═════ Data segment
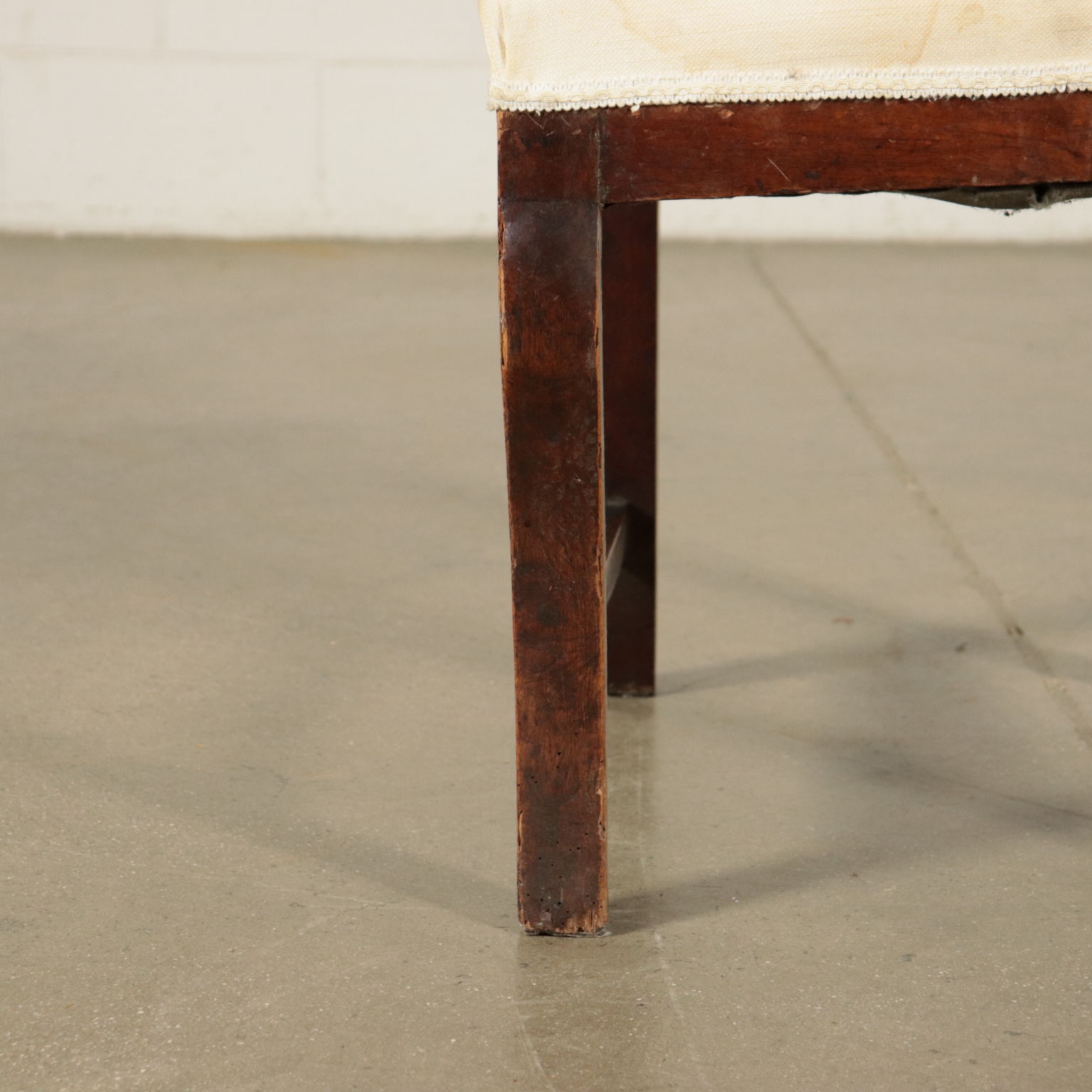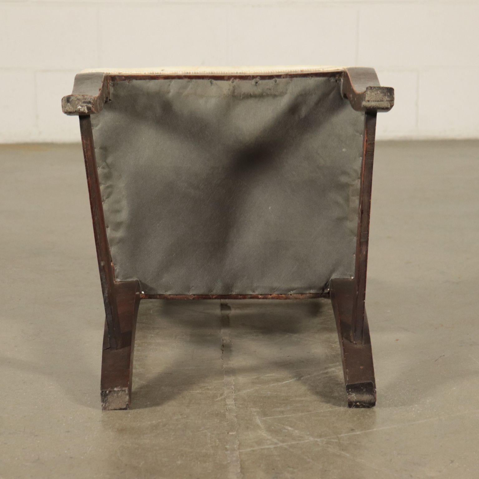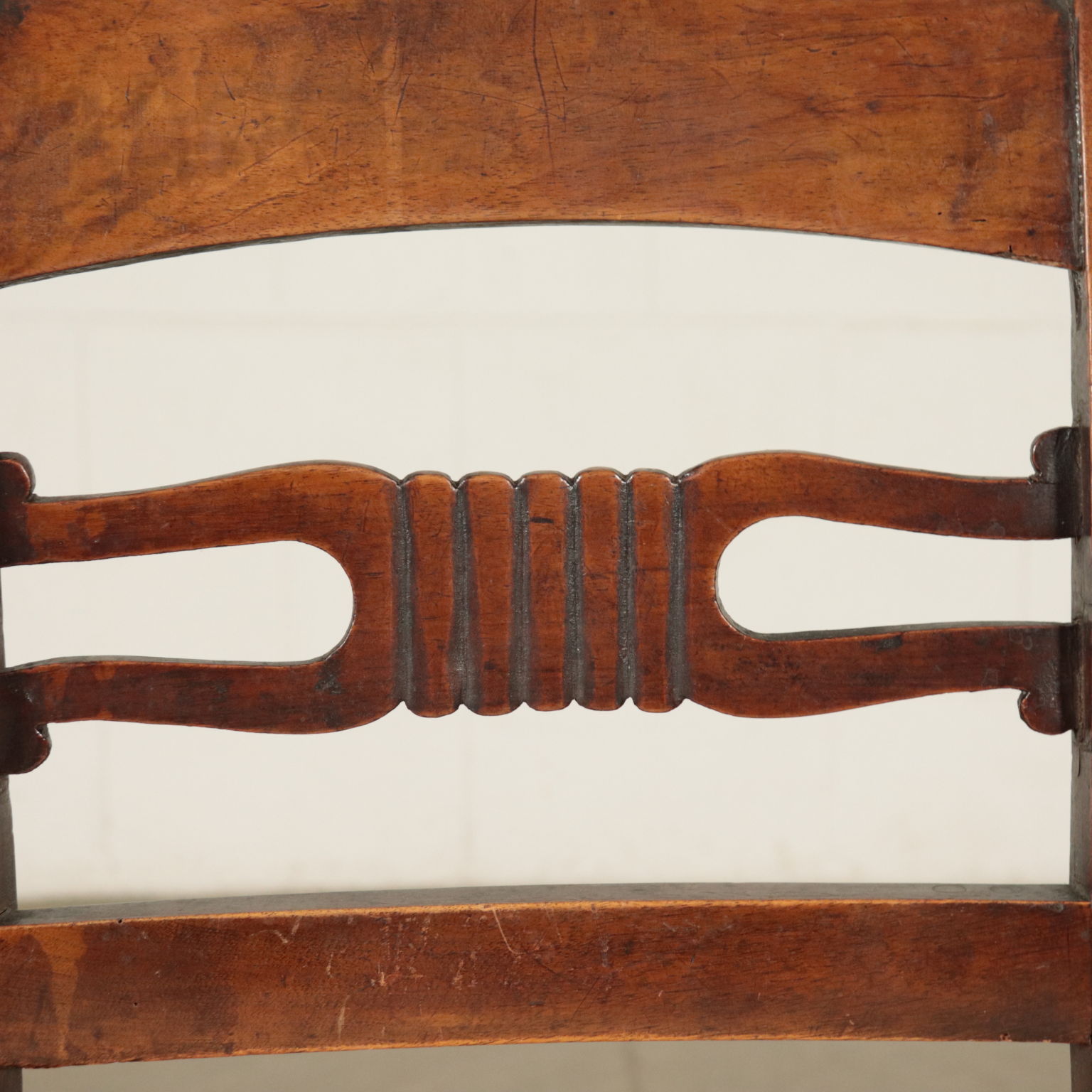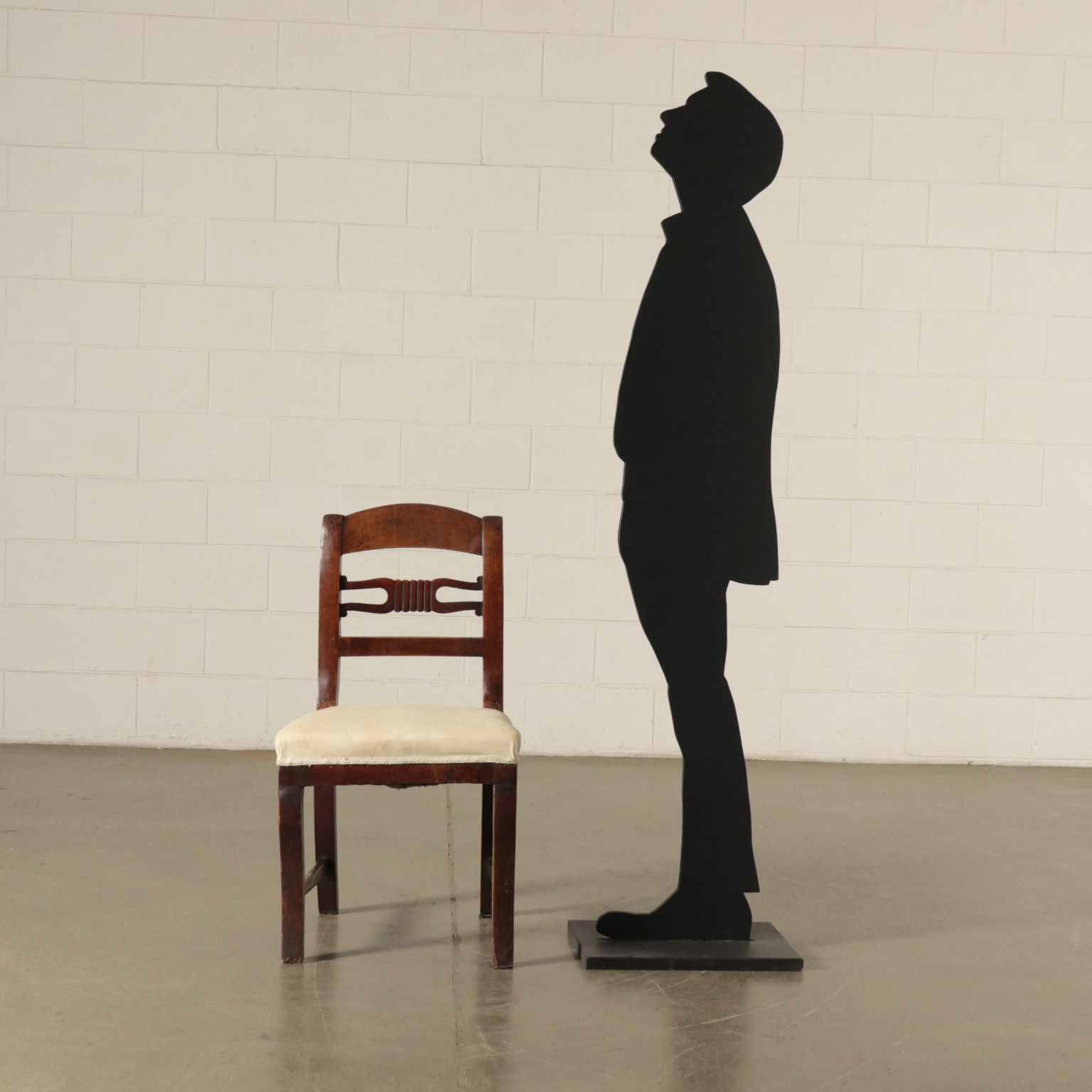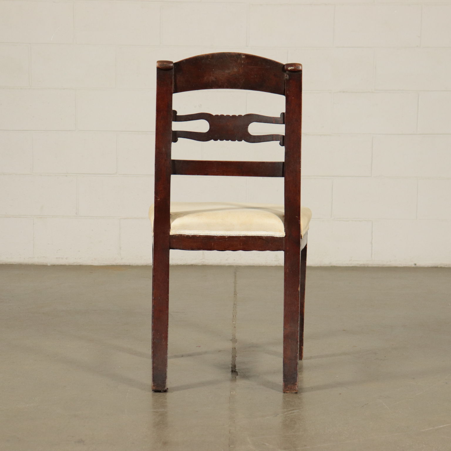 Coppia di sedie Restaurazione, sorrette da quattro gambe, delle quali quelle posteriori a sciabola e quelle anteriori mosse, connesse da traverse. La seduta è imbottita, mentre lo schienale a giorno è intagliato e traforato. In noce.
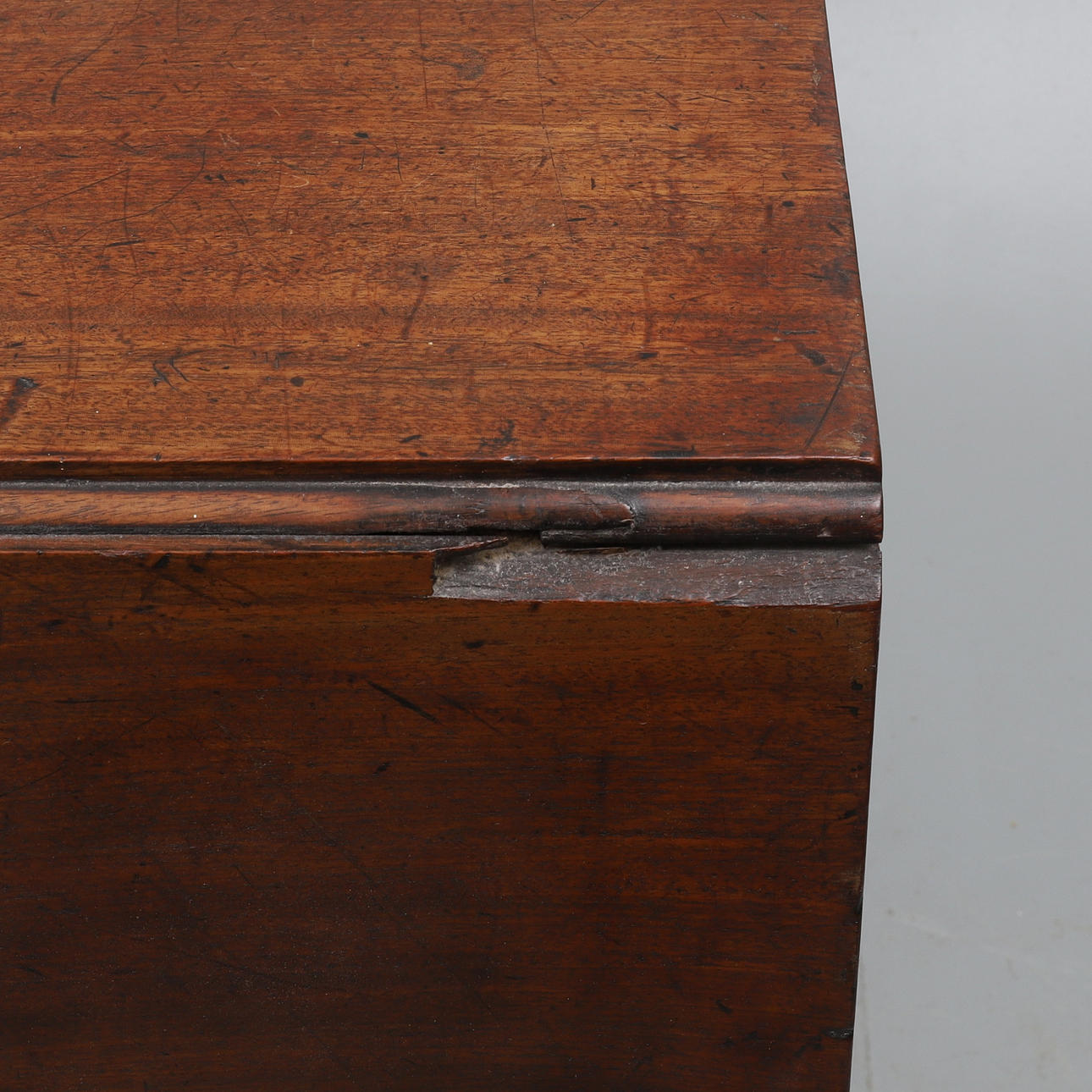 återställd, knackade, markerade, repad och färgad, ursprungligen med en ändlåda, nu saknas, och ersätts av en panel av mahogny, delar, bitar ”låt in”, element som saknas från ett av de gångjärniga bladen.
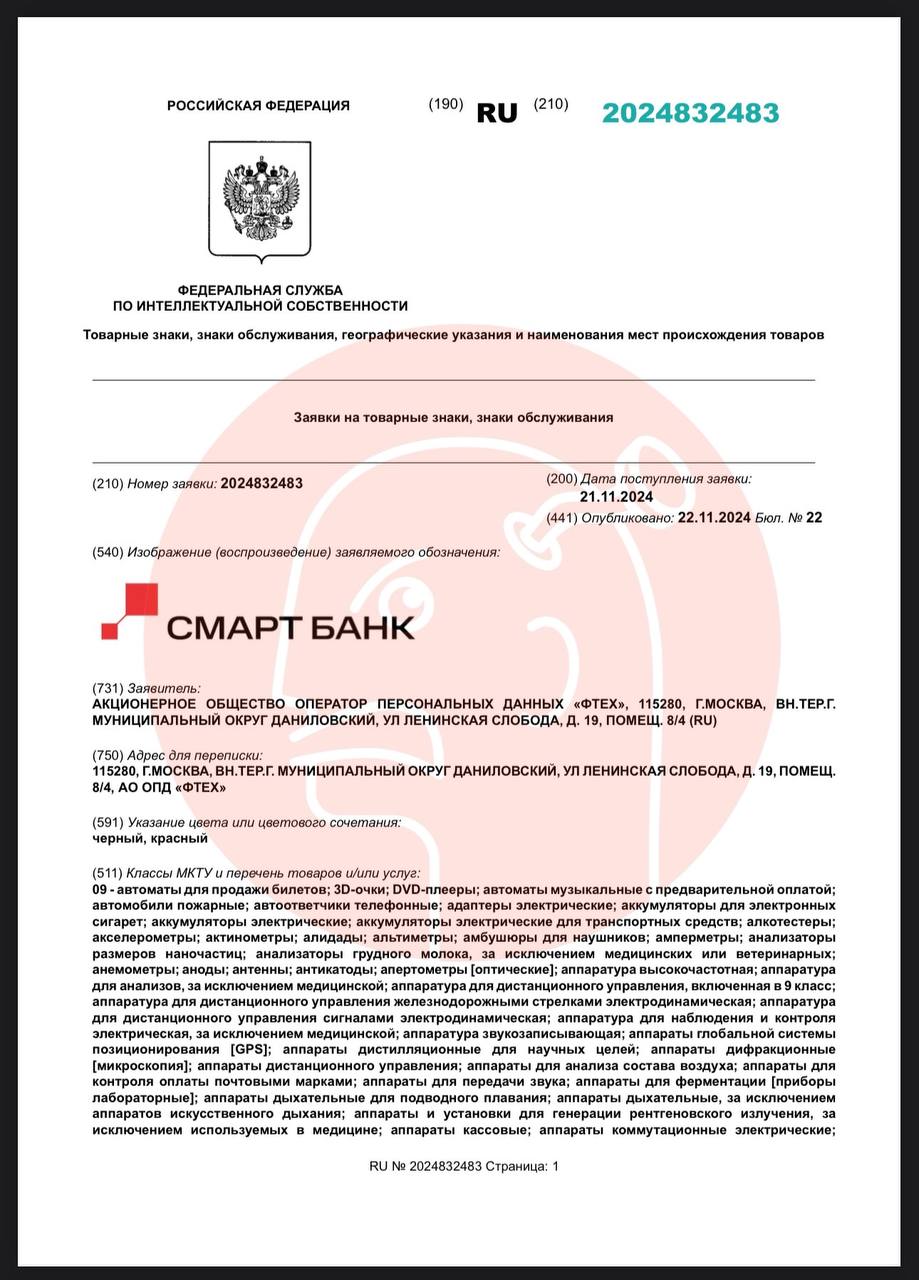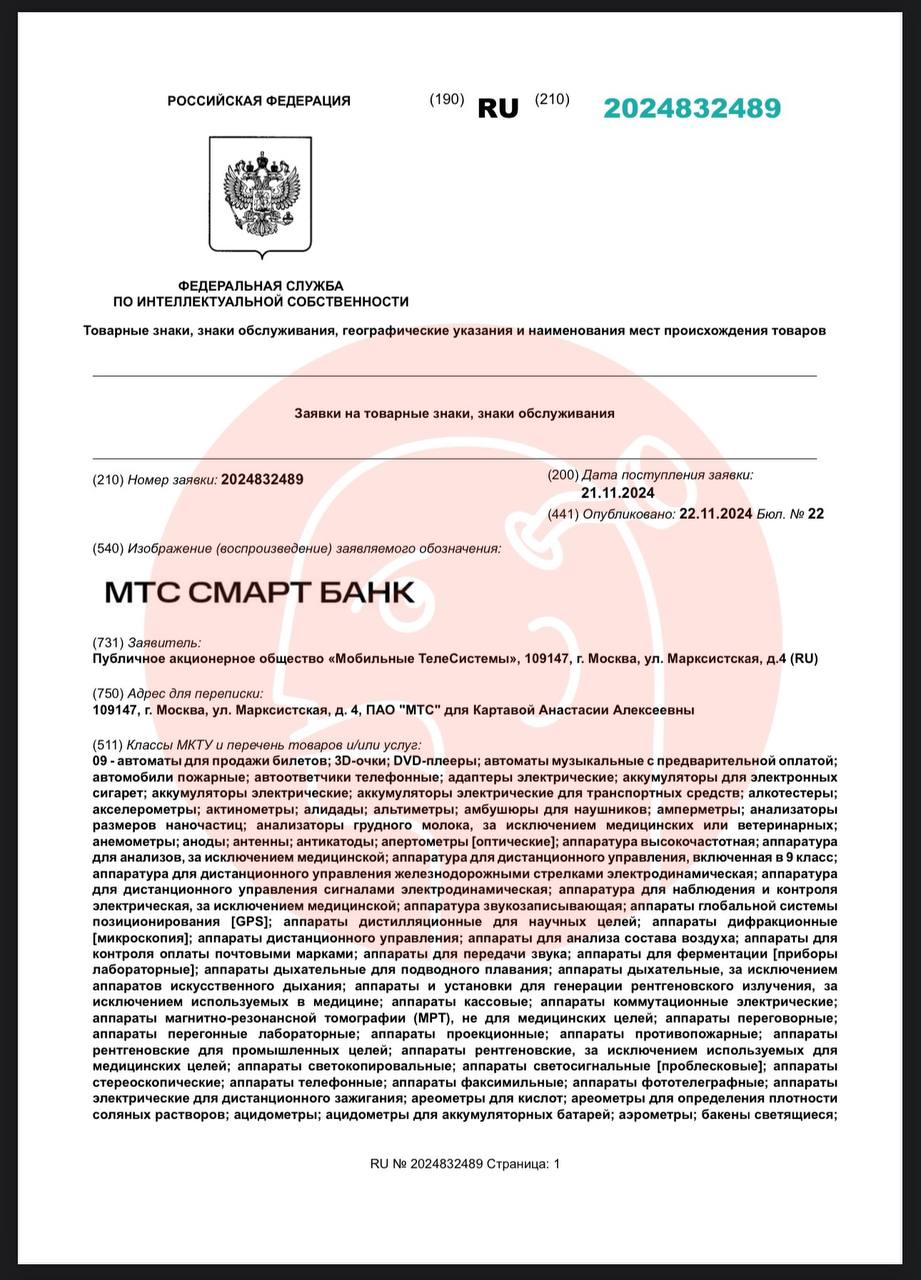 🤔 Очень странное совпадение. В один и тот же день два несвязанных юрлица подали заявку на товарный знак «Смарт Банк». Один из заявителей — МТС.
══════════
What the task requires:
Copy exactly the lines that run from the line containing "återställd, knackade, markerade, repad" to the end of the data above, keeping both end lines and leaving out all pictures.

Reply to the task:
 återställd, knackade, markerade, repad och färgad, ursprungligen med en ändlåda, nu saknas, och ersätts av en panel av mahogny, delar, bitar ”låt in”, element som saknas från ett av de gångjärniga bladen.
 🤔 Очень странное совпадение. В один и тот же день два несвязанных юрлица подали заявку на товарный знак «Смарт Банк». Один из заявителей — МТС.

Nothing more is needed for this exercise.